▸ Excerpted data:
++++++

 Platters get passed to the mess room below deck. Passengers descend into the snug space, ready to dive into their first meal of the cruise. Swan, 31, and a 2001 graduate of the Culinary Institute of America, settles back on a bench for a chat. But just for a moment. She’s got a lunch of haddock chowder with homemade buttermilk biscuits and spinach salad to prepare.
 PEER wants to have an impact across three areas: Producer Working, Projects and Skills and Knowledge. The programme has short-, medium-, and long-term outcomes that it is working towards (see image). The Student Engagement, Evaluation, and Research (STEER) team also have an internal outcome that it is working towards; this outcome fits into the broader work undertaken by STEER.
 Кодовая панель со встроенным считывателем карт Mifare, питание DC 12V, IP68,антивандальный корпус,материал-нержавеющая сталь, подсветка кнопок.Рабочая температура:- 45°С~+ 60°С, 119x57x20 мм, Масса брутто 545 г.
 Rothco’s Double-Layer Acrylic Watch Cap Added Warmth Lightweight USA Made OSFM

++++++

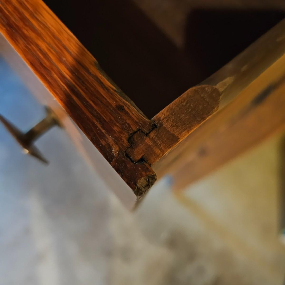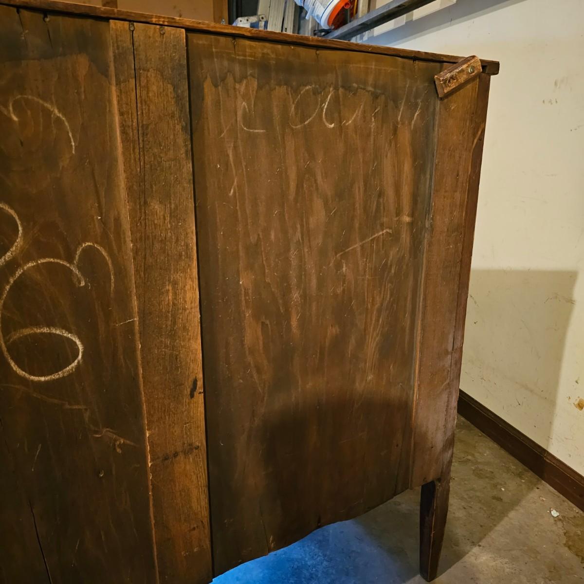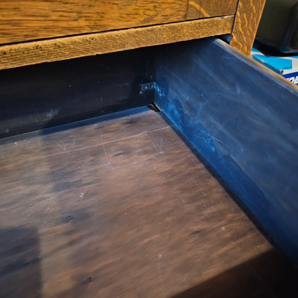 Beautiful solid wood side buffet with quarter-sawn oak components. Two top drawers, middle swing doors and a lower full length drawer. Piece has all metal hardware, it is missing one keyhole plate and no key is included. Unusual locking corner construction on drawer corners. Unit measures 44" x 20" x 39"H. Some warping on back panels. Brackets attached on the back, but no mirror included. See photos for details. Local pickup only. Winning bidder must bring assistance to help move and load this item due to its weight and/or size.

++++++

▸ Exercise objective:
Only the lines above starting at the one containing "Кодовая панель со" and ending at the one containing "Rothco’s Double-Layer Acrylic", both included, are to be returned, exactly as they read.

▸ Answer space:
 Кодовая панель со встроенным считывателем карт Mifare, питание DC 12V, IP68,антивандальный корпус,материал-нержавеющая сталь, подсветка кнопок.Рабочая температура:- 45°С~+ 60°С, 119x57x20 мм, Масса брутто 545 г.
 Rothco’s Double-Layer Acrylic Watch Cap Added Warmth Lightweight USA Made OSFM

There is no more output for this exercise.